No pictures go into the copy. Write out exactly the lines below from the one containing "Poročni konfeti ki" through the one containing "vidaXL 5-dielna záhradná".

# Input records
[Start of Attachment]

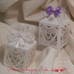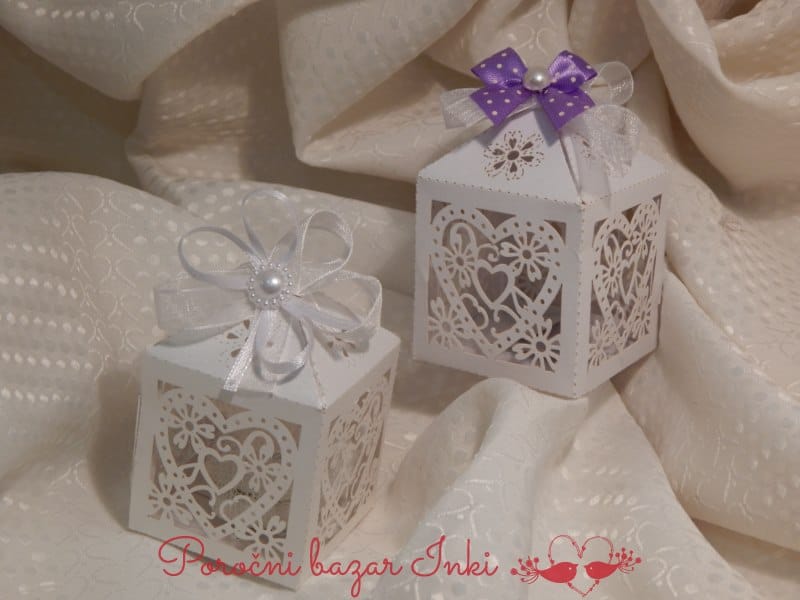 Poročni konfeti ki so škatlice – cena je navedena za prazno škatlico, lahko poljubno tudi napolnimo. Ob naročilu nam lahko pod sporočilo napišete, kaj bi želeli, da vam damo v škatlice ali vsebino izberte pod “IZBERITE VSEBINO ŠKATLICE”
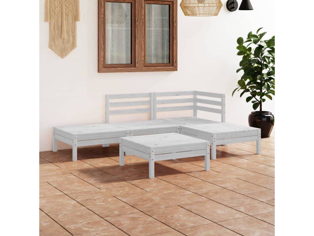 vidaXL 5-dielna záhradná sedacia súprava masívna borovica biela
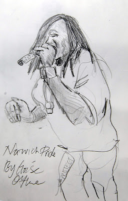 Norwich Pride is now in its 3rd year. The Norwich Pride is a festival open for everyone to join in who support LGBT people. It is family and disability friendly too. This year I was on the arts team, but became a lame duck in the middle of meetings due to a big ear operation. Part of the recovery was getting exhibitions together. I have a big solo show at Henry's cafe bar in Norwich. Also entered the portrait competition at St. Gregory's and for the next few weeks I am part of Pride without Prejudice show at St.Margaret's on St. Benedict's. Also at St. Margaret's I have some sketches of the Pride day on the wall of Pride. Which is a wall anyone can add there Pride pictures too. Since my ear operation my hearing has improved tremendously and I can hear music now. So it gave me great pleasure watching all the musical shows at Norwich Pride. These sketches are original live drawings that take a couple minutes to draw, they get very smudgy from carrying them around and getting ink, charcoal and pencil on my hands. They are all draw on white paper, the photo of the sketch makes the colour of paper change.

[End of Attachment]
[Start of Attachment]

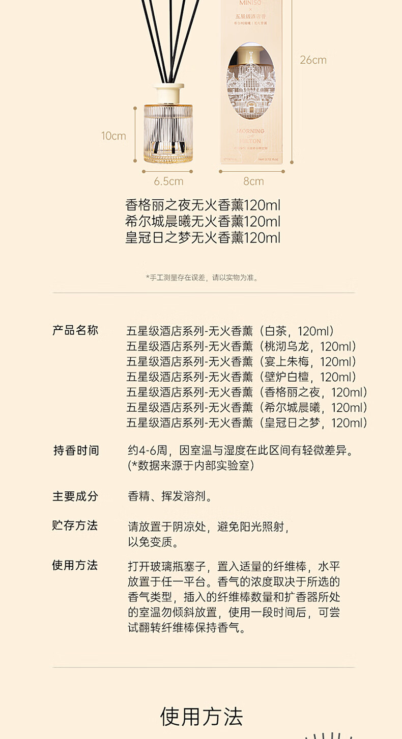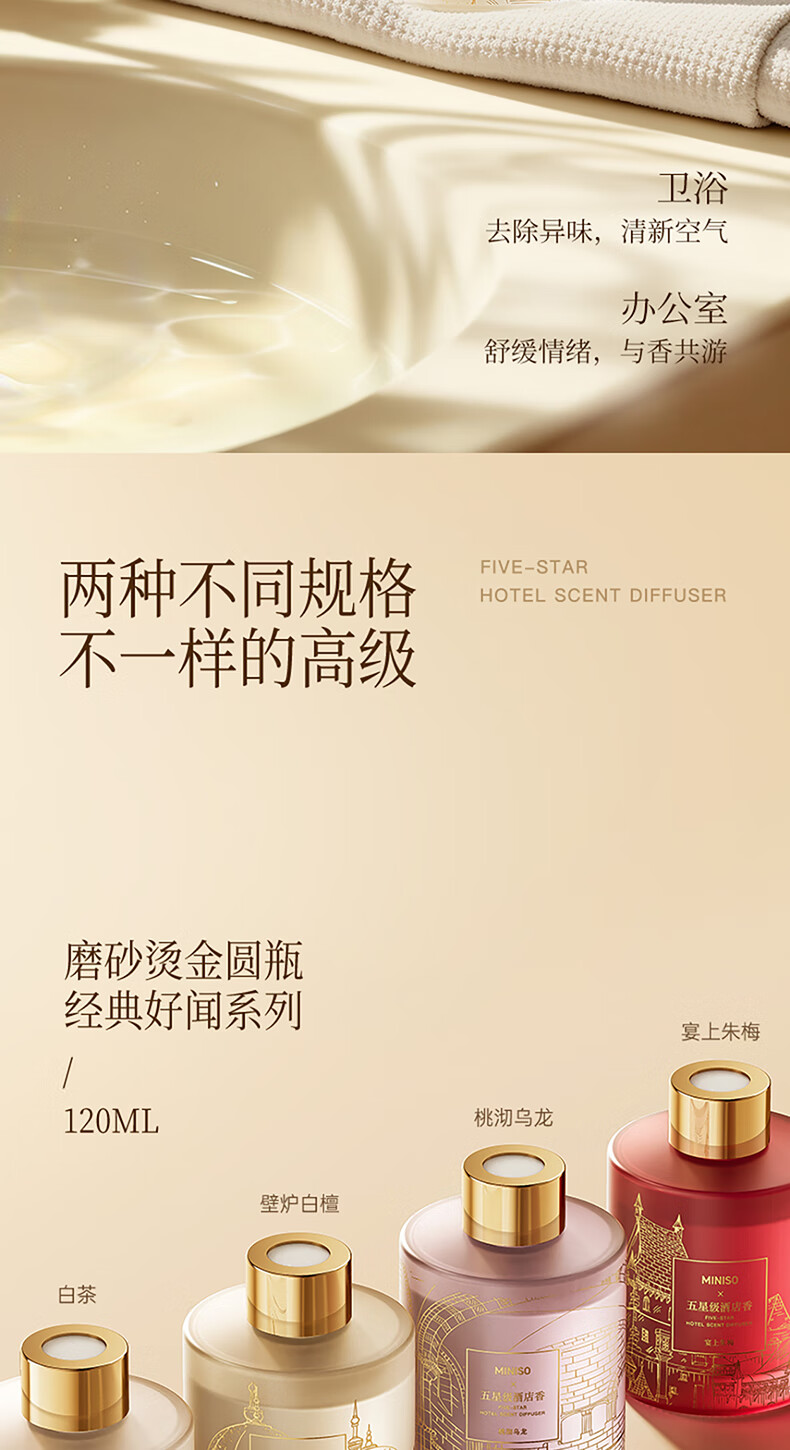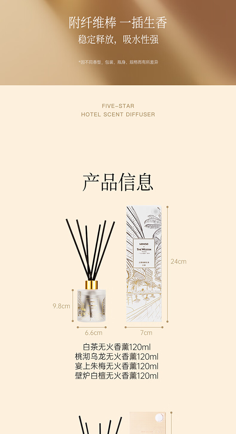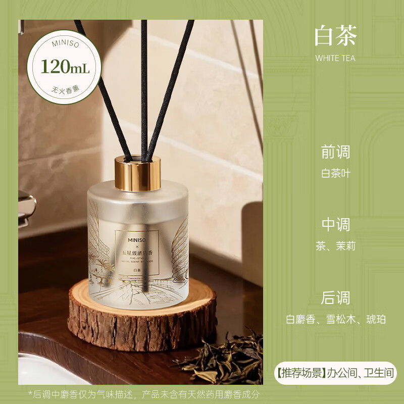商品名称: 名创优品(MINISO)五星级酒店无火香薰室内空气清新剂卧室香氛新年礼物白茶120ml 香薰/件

[End of Attachment]

# Answer
 Poročni konfeti ki so škatlice – cena je navedena za prazno škatlico, lahko poljubno tudi napolnimo. Ob naročilu nam lahko pod sporočilo napišete, kaj bi želeli, da vam damo v škatlice ali vsebino izberte pod “IZBERITE VSEBINO ŠKATLICE”
 vidaXL 5-dielna záhradná sedacia súprava masívna borovica biela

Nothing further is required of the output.